GIVEN DATA
·····
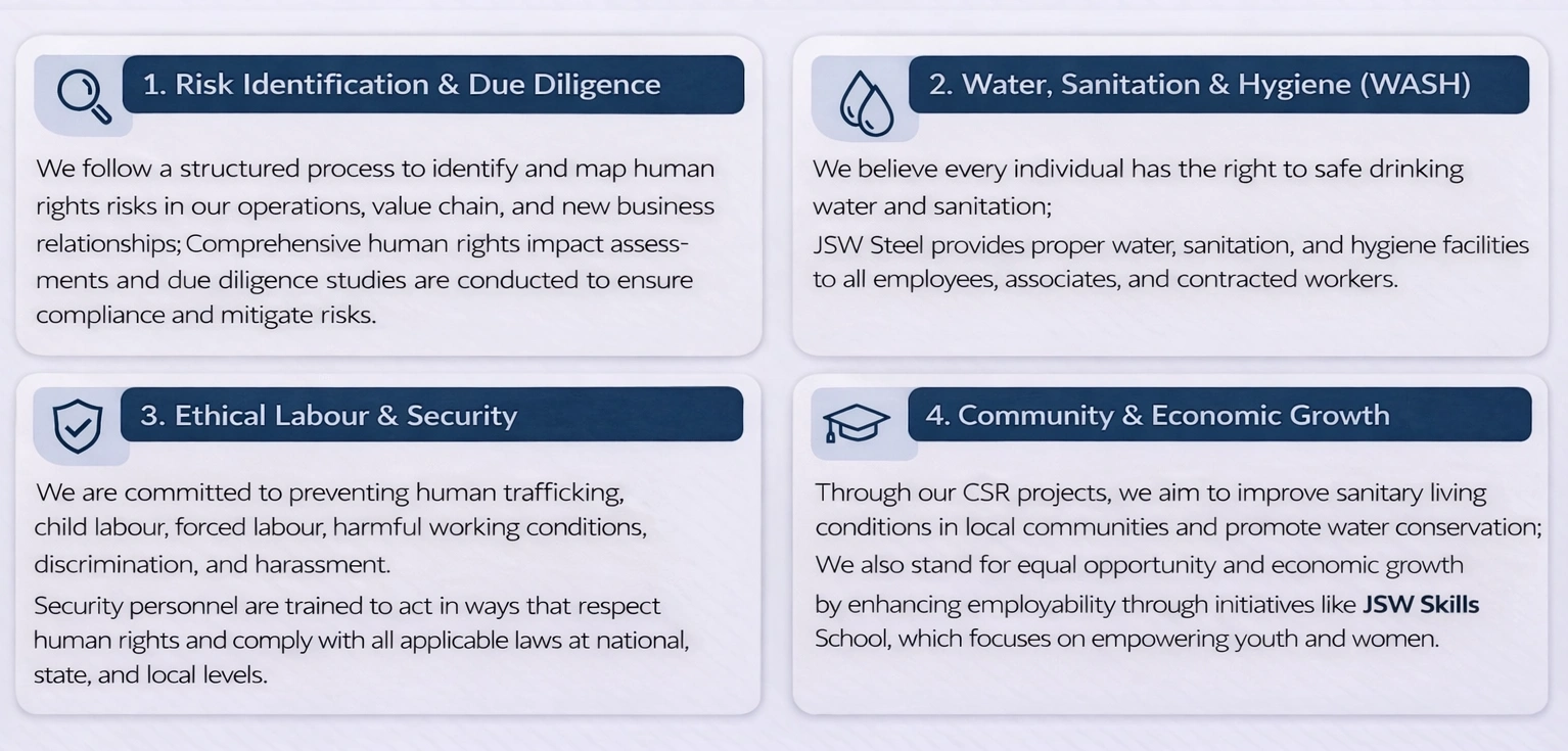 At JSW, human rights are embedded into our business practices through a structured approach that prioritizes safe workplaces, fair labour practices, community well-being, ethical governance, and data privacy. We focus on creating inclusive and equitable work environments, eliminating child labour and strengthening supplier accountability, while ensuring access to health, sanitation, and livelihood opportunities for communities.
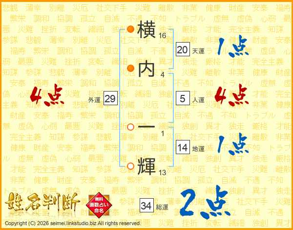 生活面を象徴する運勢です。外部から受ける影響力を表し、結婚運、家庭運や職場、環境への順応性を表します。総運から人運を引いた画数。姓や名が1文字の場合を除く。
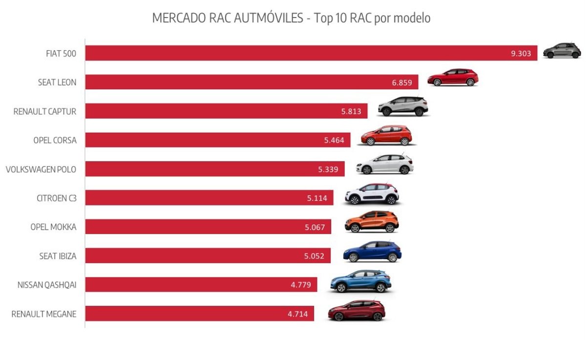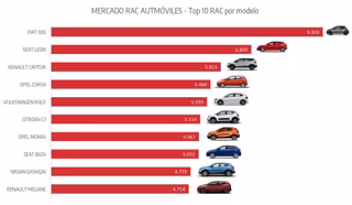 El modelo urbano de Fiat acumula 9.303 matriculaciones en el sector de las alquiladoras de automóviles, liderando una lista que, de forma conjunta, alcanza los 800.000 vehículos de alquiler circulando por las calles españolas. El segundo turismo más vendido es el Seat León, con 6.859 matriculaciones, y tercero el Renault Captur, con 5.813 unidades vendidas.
·····
TO DO
Beginning with the line that holds "生活面を象徴する運勢です。外", extract every line to the end of the material, exactly as it stands, and drop the pictures.

EXERCISE OUTPUT
 生活面を象徴する運勢です。外部から受ける影響力を表し、結婚運、家庭運や職場、環境への順応性を表します。総運から人運を引いた画数。姓や名が1文字の場合を除く。
 El modelo urbano de Fiat acumula 9.303 matriculaciones en el sector de las alquiladoras de automóviles, liderando una lista que, de forma conjunta, alcanza los 800.000 vehículos de alquiler circulando por las calles españolas. El segundo turismo más vendido es el Seat León, con 6.859 matriculaciones, y tercero el Renault Captur, con 5.813 unidades vendidas.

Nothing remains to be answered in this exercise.